What the answer must hold is the line containing "The DPP975 has" and all lines after it through the end of the listing, copied exactly, with pictures left out.

********

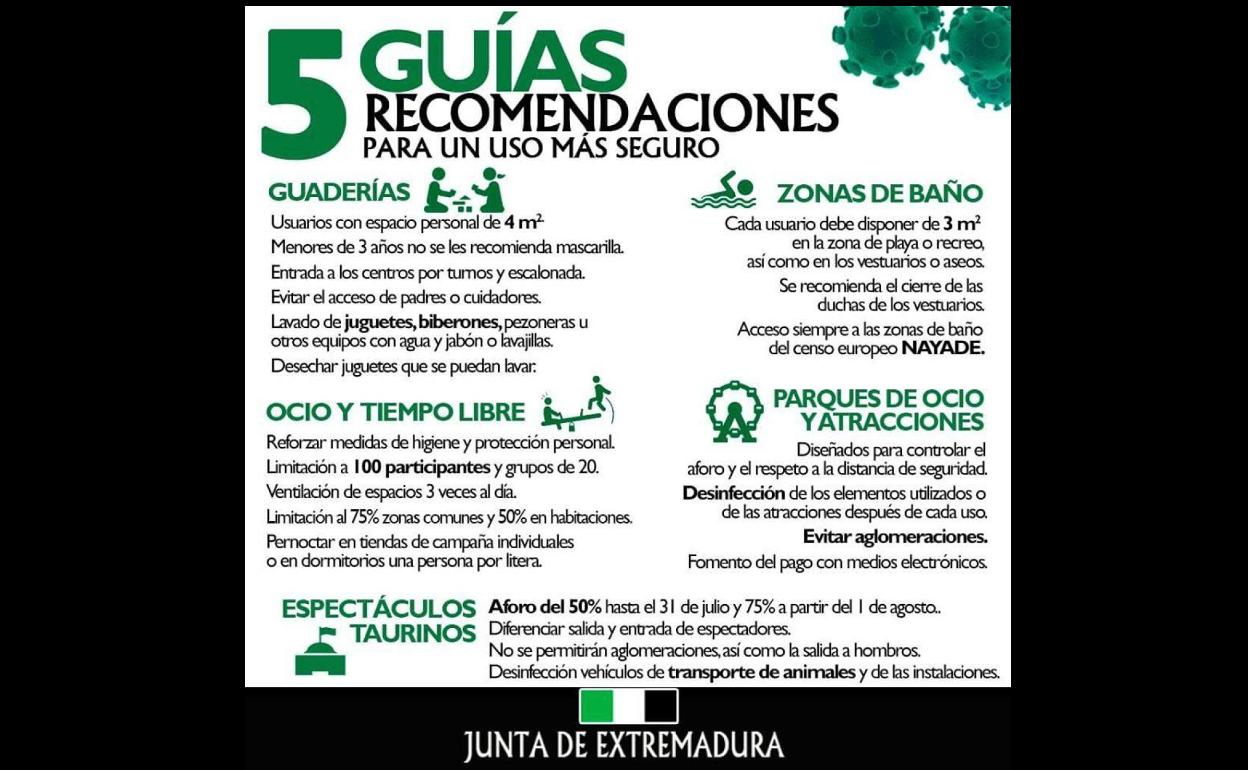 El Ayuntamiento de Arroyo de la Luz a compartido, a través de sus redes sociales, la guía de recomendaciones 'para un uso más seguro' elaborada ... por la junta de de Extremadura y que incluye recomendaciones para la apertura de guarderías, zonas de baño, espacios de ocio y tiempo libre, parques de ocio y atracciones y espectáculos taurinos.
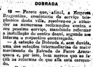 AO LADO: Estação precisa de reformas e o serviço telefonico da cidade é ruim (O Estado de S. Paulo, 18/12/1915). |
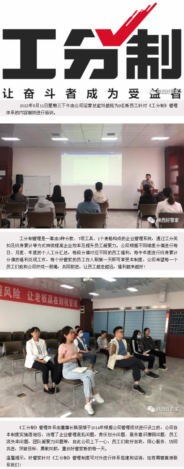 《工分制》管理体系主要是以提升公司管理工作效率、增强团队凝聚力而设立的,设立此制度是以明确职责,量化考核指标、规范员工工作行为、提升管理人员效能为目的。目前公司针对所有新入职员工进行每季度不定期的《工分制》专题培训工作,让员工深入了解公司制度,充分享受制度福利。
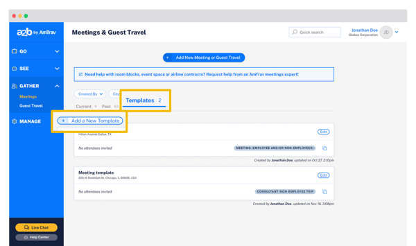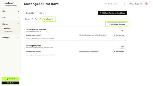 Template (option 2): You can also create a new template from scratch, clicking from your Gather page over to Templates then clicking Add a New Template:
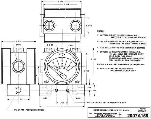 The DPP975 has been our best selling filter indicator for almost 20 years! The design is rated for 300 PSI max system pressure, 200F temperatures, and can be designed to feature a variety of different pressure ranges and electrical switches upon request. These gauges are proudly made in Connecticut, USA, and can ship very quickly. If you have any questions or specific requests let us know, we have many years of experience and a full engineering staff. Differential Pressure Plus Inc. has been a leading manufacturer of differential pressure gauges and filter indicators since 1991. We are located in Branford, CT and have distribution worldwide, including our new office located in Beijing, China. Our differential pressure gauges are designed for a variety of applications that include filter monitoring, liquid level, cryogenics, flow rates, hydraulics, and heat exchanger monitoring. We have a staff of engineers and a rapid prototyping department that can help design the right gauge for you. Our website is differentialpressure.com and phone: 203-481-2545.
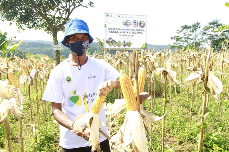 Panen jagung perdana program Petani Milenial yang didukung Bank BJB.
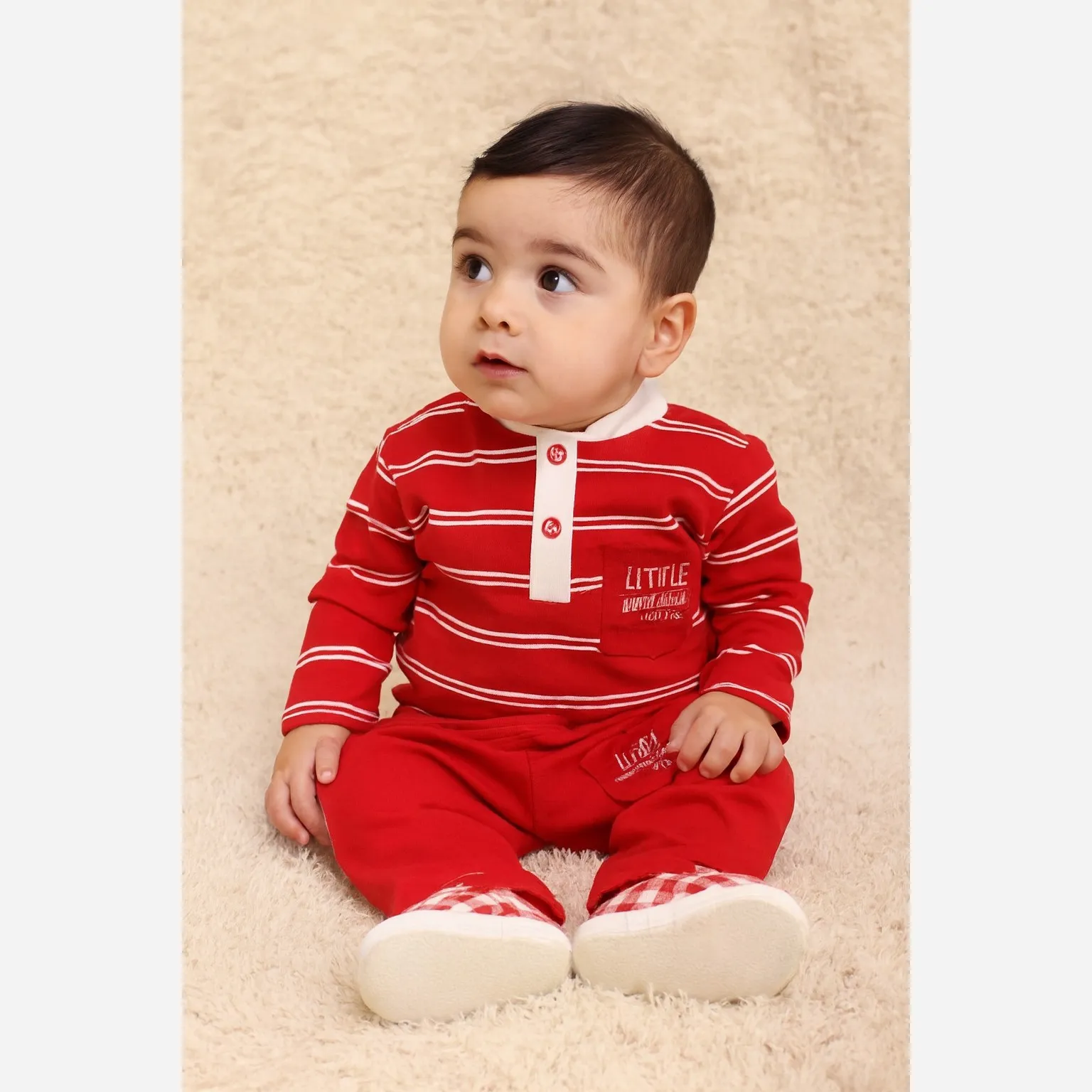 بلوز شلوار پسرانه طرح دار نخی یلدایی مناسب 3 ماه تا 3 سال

********

— SOLUTION TO THIS EXERCISE —
 The DPP975 has been our best selling filter indicator for almost 20 years! The design is rated for 300 PSI max system pressure, 200F temperatures, and can be designed to feature a variety of different pressure ranges and electrical switches upon request. These gauges are proudly made in Connecticut, USA, and can ship very quickly. If you have any questions or specific requests let us know, we have many years of experience and a full engineering staff. Differential Pressure Plus Inc. has been a leading manufacturer of differential pressure gauges and filter indicators since 1991. We are located in Branford, CT and have distribution worldwide, including our new office located in Beijing, China. Our differential pressure gauges are designed for a variety of applications that include filter monitoring, liquid level, cryogenics, flow rates, hydraulics, and heat exchanger monitoring. We have a staff of engineers and a rapid prototyping department that can help design the right gauge for you. Our website is differentialpressure.com and phone: 203-481-2545.
 Panen jagung perdana program Petani Milenial yang didukung Bank BJB.
 بلوز شلوار پسرانه طرح دار نخی یلدایی مناسب 3 ماه تا 3 سال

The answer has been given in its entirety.